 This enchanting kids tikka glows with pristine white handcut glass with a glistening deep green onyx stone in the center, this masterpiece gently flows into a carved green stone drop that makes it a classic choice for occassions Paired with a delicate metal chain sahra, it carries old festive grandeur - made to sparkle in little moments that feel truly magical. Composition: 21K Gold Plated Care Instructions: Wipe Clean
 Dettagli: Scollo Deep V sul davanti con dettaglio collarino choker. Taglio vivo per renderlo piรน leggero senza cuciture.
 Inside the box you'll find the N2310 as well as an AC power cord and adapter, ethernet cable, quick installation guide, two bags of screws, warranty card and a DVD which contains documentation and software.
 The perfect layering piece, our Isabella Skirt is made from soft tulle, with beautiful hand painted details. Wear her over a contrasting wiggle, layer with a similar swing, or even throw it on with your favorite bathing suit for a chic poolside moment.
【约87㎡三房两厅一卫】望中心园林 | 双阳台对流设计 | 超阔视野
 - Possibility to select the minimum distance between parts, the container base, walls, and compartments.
##########
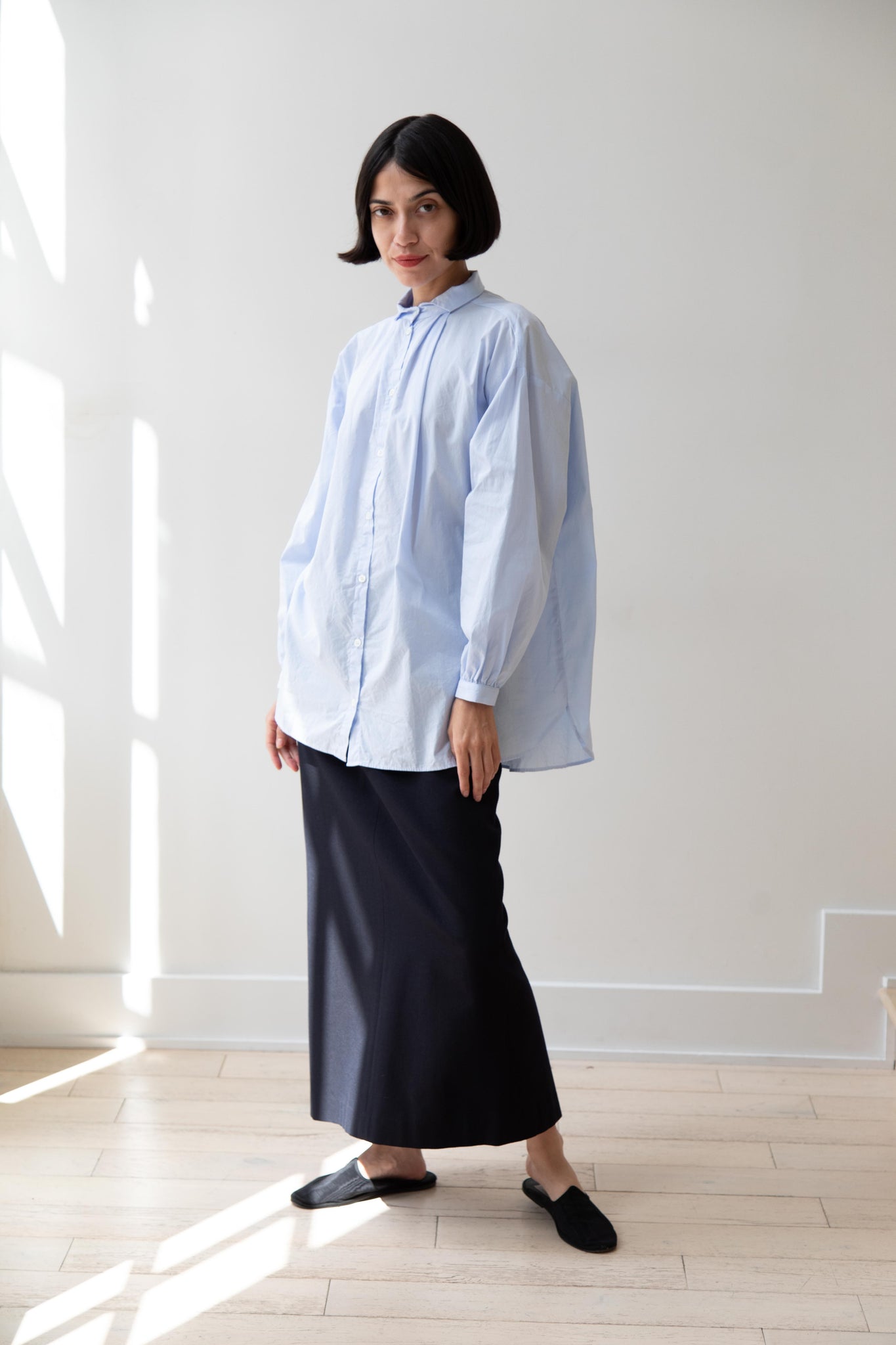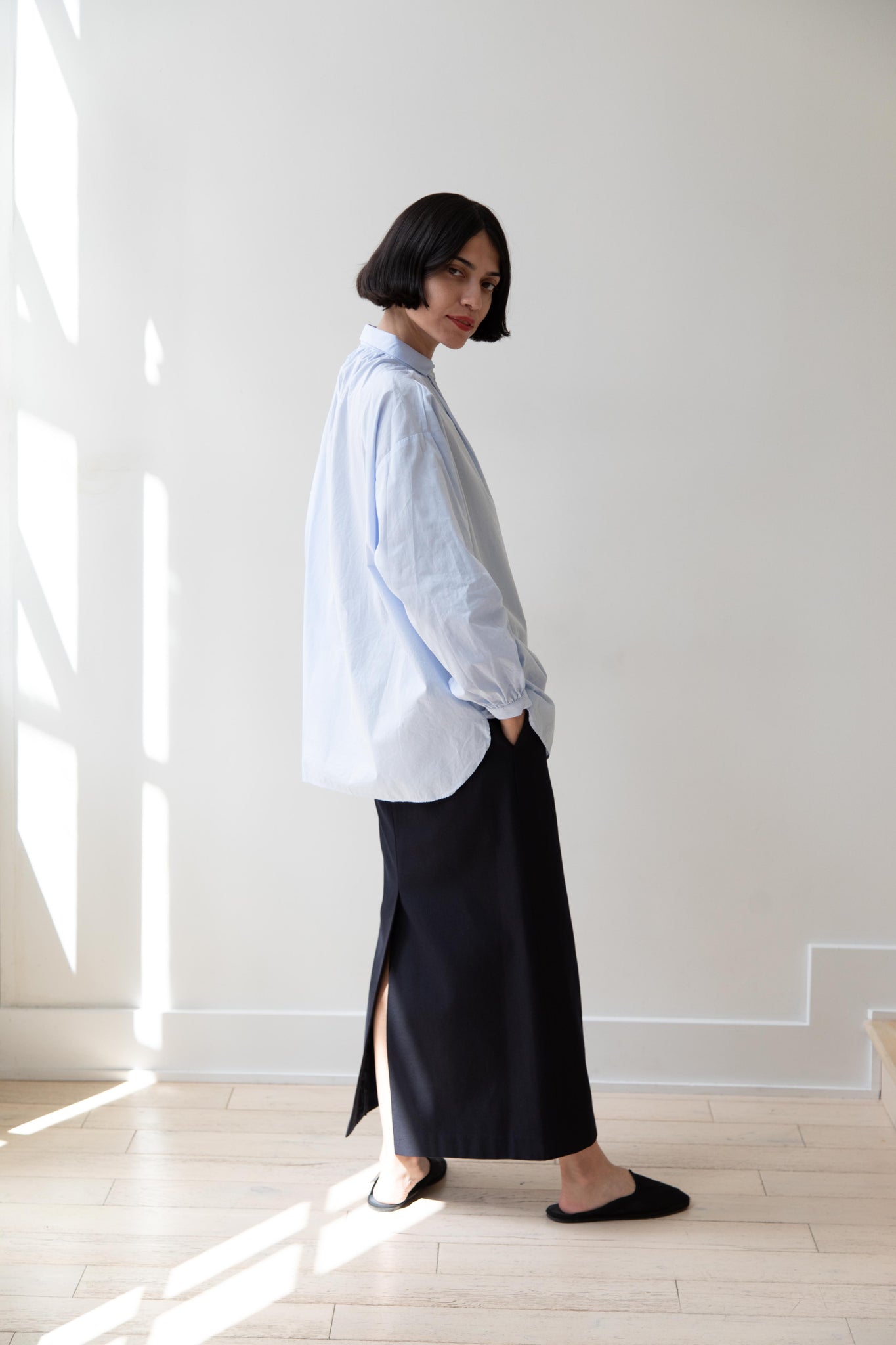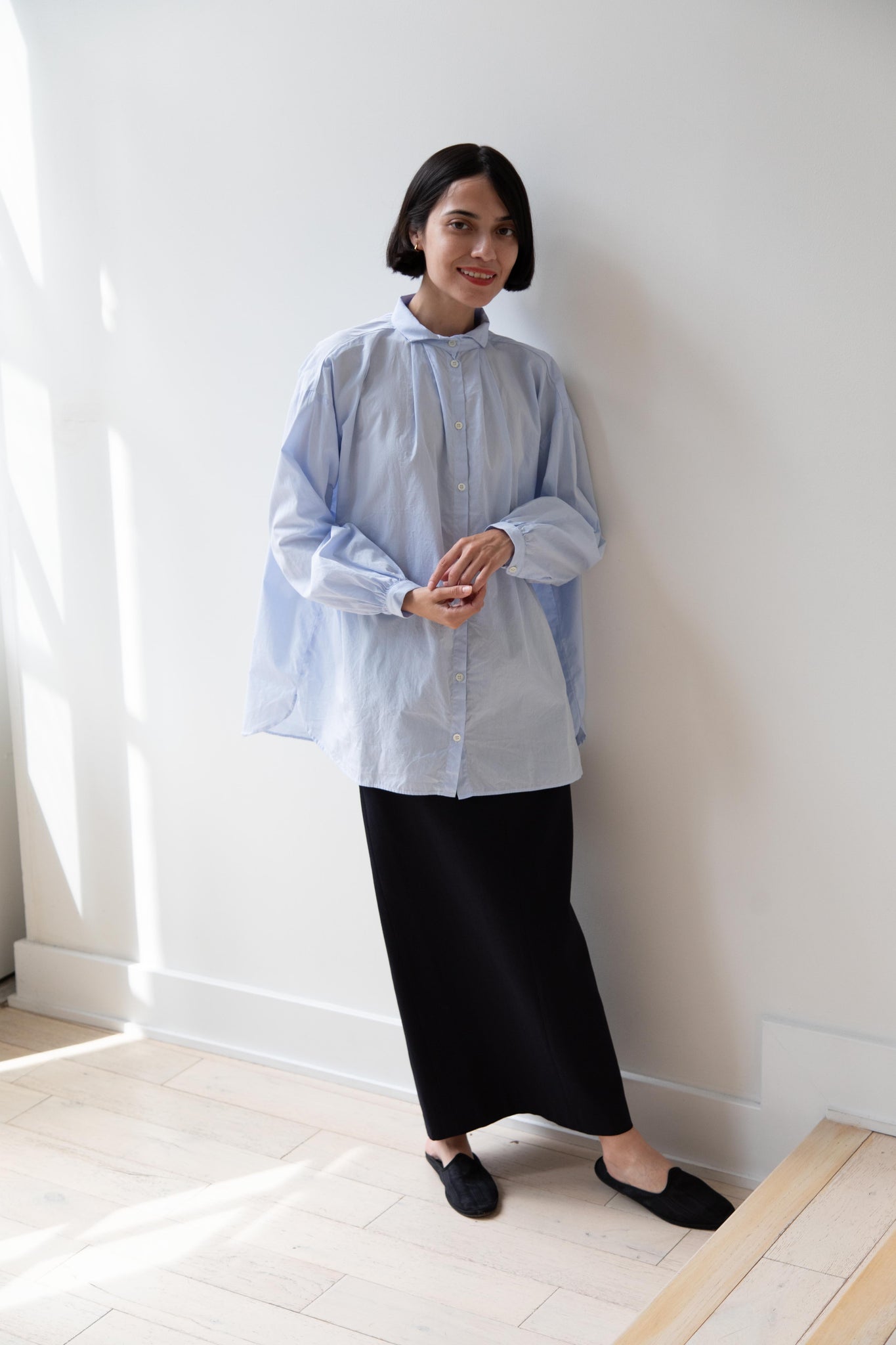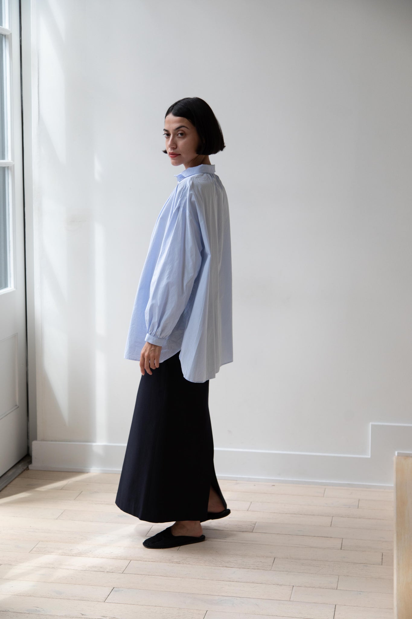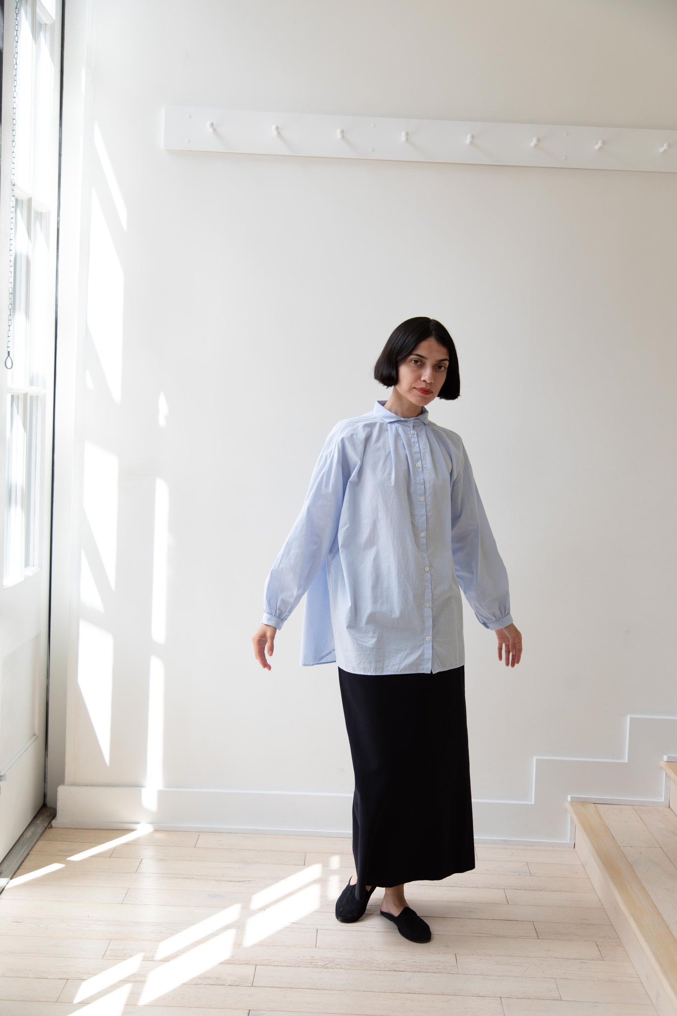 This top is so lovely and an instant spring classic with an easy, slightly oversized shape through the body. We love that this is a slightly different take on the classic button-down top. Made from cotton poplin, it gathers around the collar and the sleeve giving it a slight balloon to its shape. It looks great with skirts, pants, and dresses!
##########
Your task: Among the records above, extract exactly the lines from the line with "The perfect layering" to the line with "- Possibility to", both lines included, and leave out the rest.

Output:
 The perfect layering piece, our Isabella Skirt is made from soft tulle, with beautiful hand painted details. Wear her over a contrasting wiggle, layer with a similar swing, or even throw it on with your favorite bathing suit for a chic poolside moment.
【约87㎡三房两厅一卫】望中心园林 | 双阳台对流设计 | 超阔视野
 - Possibility to select the minimum distance between parts, the container base, walls, and compartments.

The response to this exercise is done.